Here we are on day two of this challenge. (The script is attached at the bottom if you want to jump ahead.) It was a day that kinda got away from me as I sit in the living room at 1am trying to write this blog post. I had intended to start my writing much earlier but something sort of major prevented this.
I was so ready to be productive. I was planning my day around the 10k I was going to run and the subsequent Papa Johns Pizza I was going to devour as a victory feast. I was going to play some Warzone with some friends online and then get to my writing nice and early from 2-445pm, after which I would go for the run. Just as I was settling down my mother came into my room and told me my father had suddenly become rather unwell. Next thing I know I am on the phone with 111 describing how he is feeling and they are telling me they need to send an ambulance! It all felt a bit mad. He had fallen ill after a particularly strenuous workout with his trainer. Due to social distancing his trainer has been training him over the phone so I am quite unsure how he could have trained so hard over the phone to the point of needing an ambulance. But, thats what happened. Don't worry, he's fine. After a few tests we were able to collect him from the hospital. In those hours in between I went for my run and gorged on my pizza. It was epic. I did no writing. I sound like a terrible son. But, I want to reassure my faithful readers (Hi Arran) that I always felt like he was going to be okay and was there for him the whole time in case he needed me. I did, however, take a picture of him lying in the ambulance.
I should probably get to todays script instead of explaining why I was so late to start today. The story today follows a teenage girl called Ananda and it took me about an hour and a half
. I chose the name Ananda because it means Joy in Hindi and joy was my inspiration for todays script. I've been lucky to be a part of a new initiative called Elevate. Which is a new resource that has been compiling uplifting content with the hope of starting elevating conversations in these strange times we live and beyond. Each week focuses on a different theme. This weeks theme was Joy.

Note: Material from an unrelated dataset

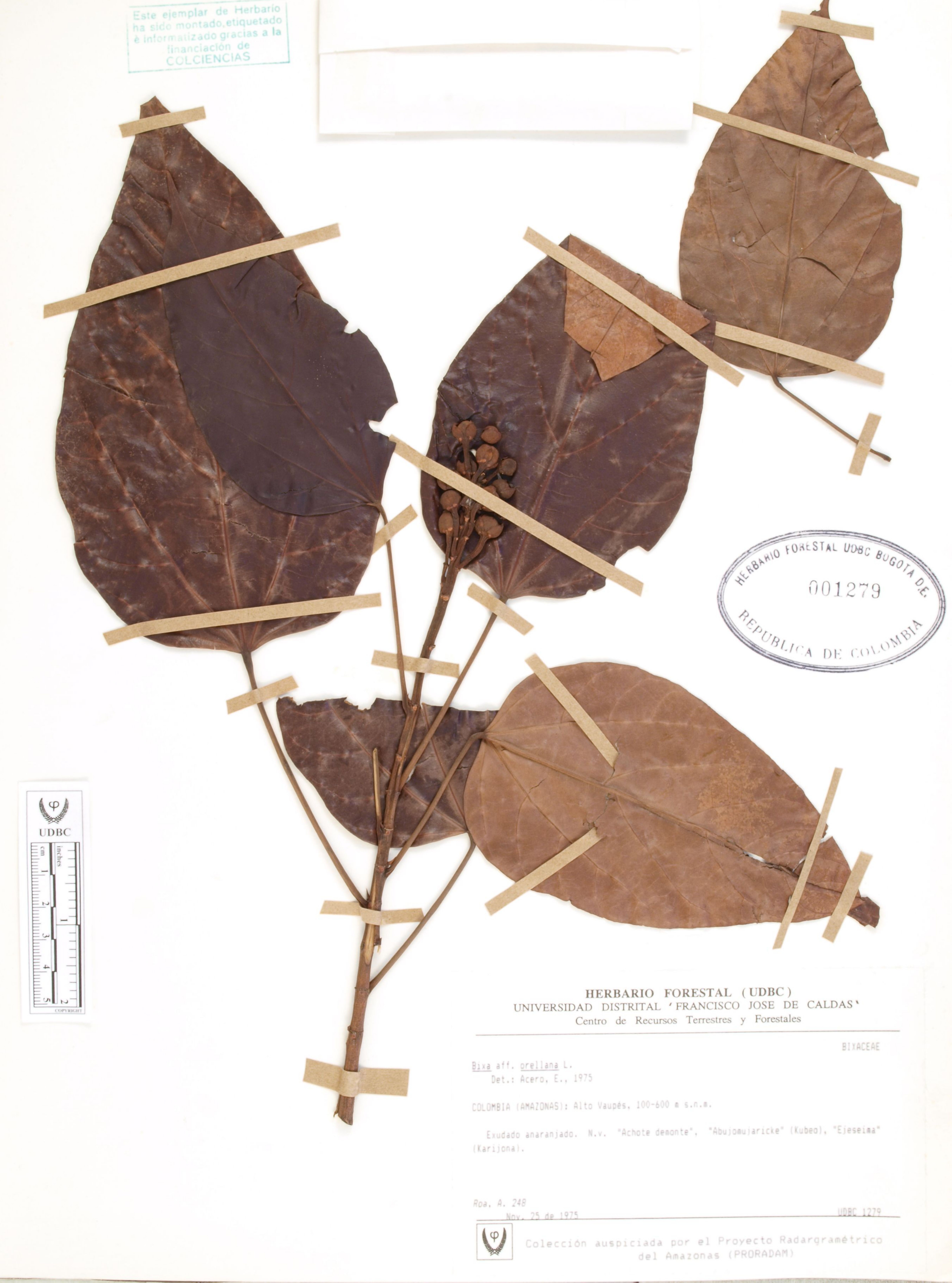 Fotografía del ejemplar Roa, A. 248, determinado como Bixa orellana en el año 1975

I was trying to think about what joy is/ what it means. Is it just to be happy? I watched a video which spoke about attaining joy through acts of service. One of the first things that is said in the video was a mother talking to her child. She says, "when I look back on my life, the most beautiful time I remember was when I was making other people happy." This beautiful spirit of putting others before yourself, and it being such a joyful experience, really touched me when I heard it. Further, another quote from Abdu'l-Baha touches on joy as well. He said , "to attain eternal happiness one must suffer, he who has reached the state of self-sacrifice has true joy." So that is what I tried to write a story about today. How one who is hurt and sad can find joy in helping others and putting their needs over their own. A tough task. But, I do feel like I've got off to a good start with this and I may well revisit it when the challenge is over.
When I was reading over it to check for mistakes I do feel like it kinda turned into two scripts. I was pleased with how well I was managing to tell the first part of the story quite visually. But then I got a little lost with what I was doing and ended up with a bucket load of dialogue. I also knew I wanted her to end up running into this little boy that she could help but I struggled to know how to set up her own sadness enough. Plus, I don't think we ever get to see that moment when she decided to put his needs before her own. These are things I think I need to consider before revisiting it. If anyone does read this blog and the script please do share any feedback or thoughts you may have for the script!
Something else I am noticing already that I am struggling with is trying to find the humour. I am certainly trying. The character of the teacher is supposed to be humorous in his quirky and harsh interactions with his students. I am not sure if that is clear. Likewise with the young boy and some of what he says and does. But, humour is a tough one. In films I've made and written/co-written I have felt this before. I found getting the humour out my scripts a lot easier when I was working with the actors on the day of shooting. I wonder if that is something I have to be patient with when writing. Patient to know that if I ever do end up making one of these scripts that the humour will come maybe more when the actors have the scripts in their hands or when the AD says action on the first day of shooting.
Anyways, I hope we can all find joy in our lives through helping others. Back at it tomorrow!